La exploración continuó en City Steam Brewery, donde fermentan cervezas como quien compone country. Fue una escena gloriosa, donde la espuma y la erudición convivían sin aspavientos.
El Wadsworth Atheneum Museum of Art nos recibió con su colección imponente: Caravaggio, Dalí, O’Keeffe. Hartford también sabe de belleza no práctica, de emociones crudas colgadas en las paredes.
Y luego, como antídoto, nos fuimos al Half Door, un pub irlandés que mezcla la madera oscura con el olor de la cebada. Pedí una pale ale. Y yo, que no suelo beber, ya me notaba la cabeza un poco a la birulé; un poco.
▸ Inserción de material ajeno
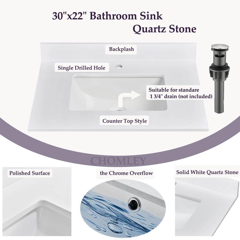 - 【Quality Material】 The vanity top with sink is made of heavy-duty Quartz Stone. the solid white surface of the vanity top offers timeless elegance and versatility, the solid white surface of the vanity top offers timeless elegance and versatility. It is highly sturdy & waterproof & easy to clean, and resistant to scratches.
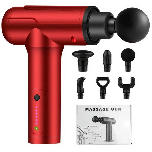 Масажер для тіла 6 швидкостей 4 насадки USB на акумуляторі, ударний масажний пістолет 13,2*13,4*5см, червоний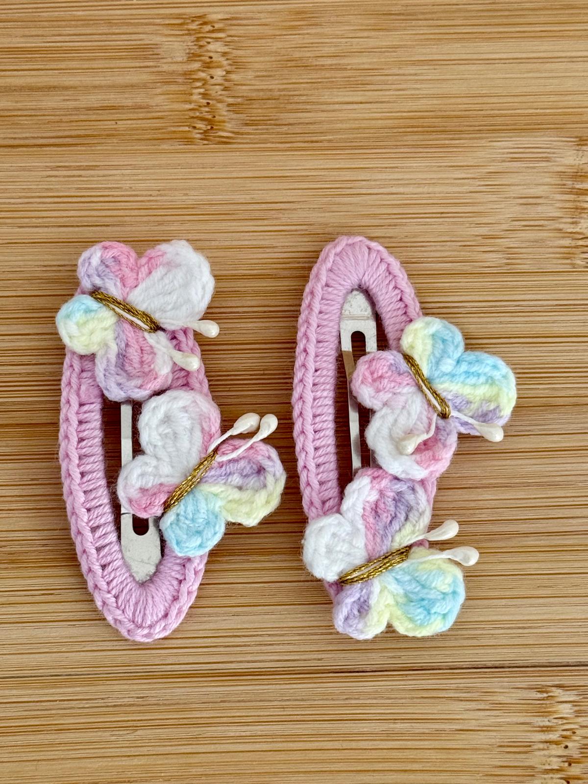 A luxury trio of hand-crocheted snap clips inspired by soft bloom and summer days.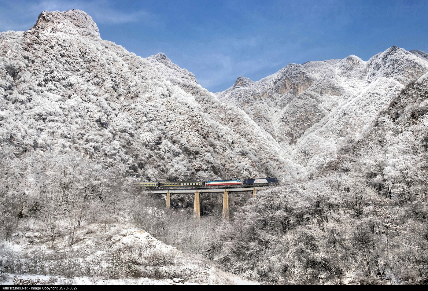 | In the Qinling Mountains on a clear winter day, passenger trains pass through rime-covered mountains. Trains spiral up the mountains, where only more locomotives can pull the train over the Qinling Mountains |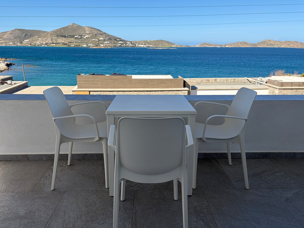 A spacious studio with sea views and a private hot tub, just steps from the beach. Flat Poseidon, part of Enosis Apartments, is located at Agia Anna of Naxos, steps from the long sandy beach and the crystal clear blue waters. The studio offers a generous interior layout and a private balcony with a sea view and a private hot tub, combining comfort and outdoor living. Designed in traditional Cycladic style, it is an ideal choice for guests who value space, privacy, and easy access to the beach.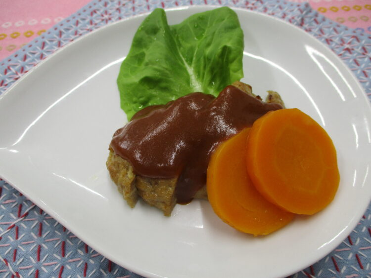 ご飯、かきたま汁、ハンバーグデミソース、生揚げと小松菜の煮物、わかめとみょうがの酢の物、かつおたくあん漬、洋梨缶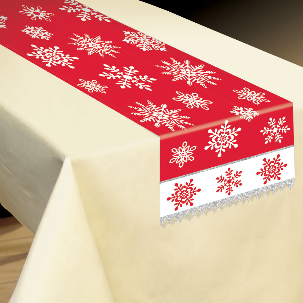 Christmas Red and White Snowflake Table Runner with Silver Metallic Trim, Red/White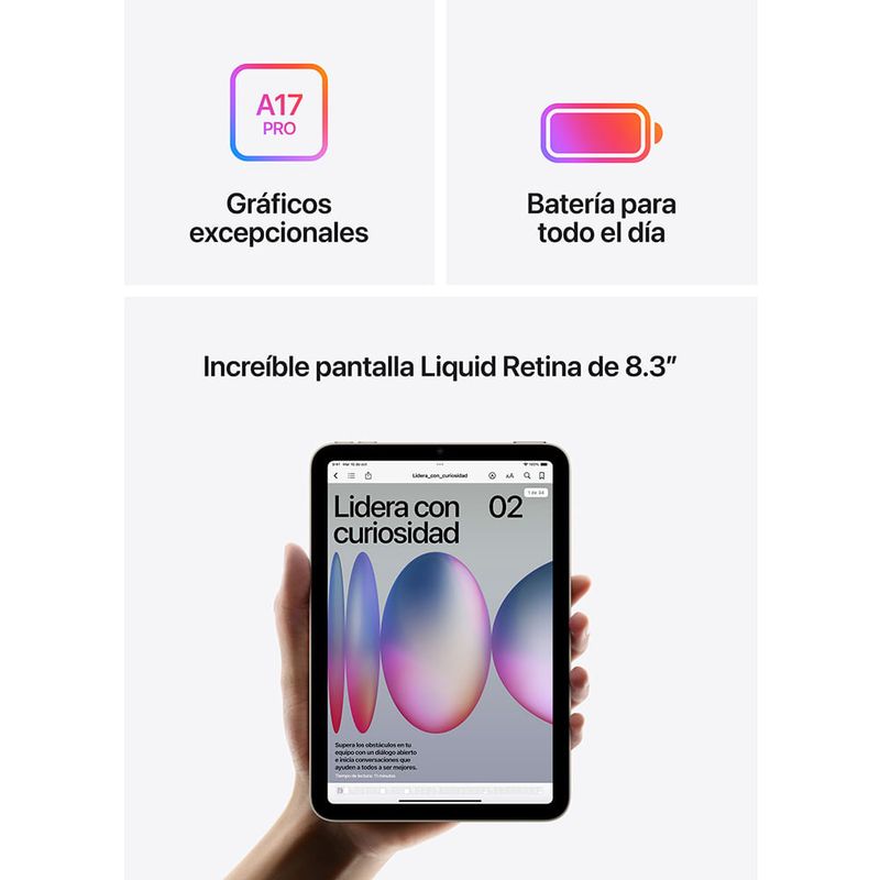 El nuevo iPad Mini de séptima generación en color Blue combina potencia y portabilidad en un diseño elegante y ligero. Su pantalla Liquid Retina de 8.3” ofrece colores vibrantes y una excelente resolución, ideal para ver contenido, navegar en la web o trabajar desde cualquier lugar. Además, su construcción en aluminio lo hace resistente y sofisticado, manteniendo la esencia premium de Apple en un formato ultracompacto.

Al día siguiente me levanté con una resaca que, mejor no describir.
Pasé también por el Connecticut Science Center, un delirio de arquitectura futurista y exposiciones interactivas.
No fue un aterrizaje; fue una epifanía. Hartford me ofreció el primer escenario americano de una obra vital que apenas comenzaba. Bajo el paraguas protector del Prof. Serrano, con el eco de su descubrimiento de la beta endorfina – escribir que, modestamente, un servidor también describió y sintetizo la Beta1- endorfina, pero era muy joven, era español y con ínfimas posibilidades del Nobel (aunque, me consta) que estuve en las cuentas de Suecia – resonando en cada presentación, cada seminario y cada brindis, yo daba mis primeros pasos en el laboratorio más exigente del mundo desde una ciudad que combinaba la dignidad de la historia con la sorpresa de lo íntimo. Y todavía quedaba…¡Boston! Y mi integración al “Conmemorativo” para pasar después al East Boston Hospital.
Hoy, cuando regreso mentalmente a aquellos días, no puedo separar al maestro de la ciudad, ni al aprendizaje del asombro. Harvard vendría después. Hartford fue el primer hogar de esta aventura.
Y eso es lo que queda de mis recuerdos el primer día en Norteamérica: El asqueroso resacón me dejo amnesia retrograda total sin visos de mejoría.
¡Qué le voy a hacer, si yo también vengo de zona mediterránea!
Firma invitada: Francisco R. Breijo-Márquez. Doctor en Medicina.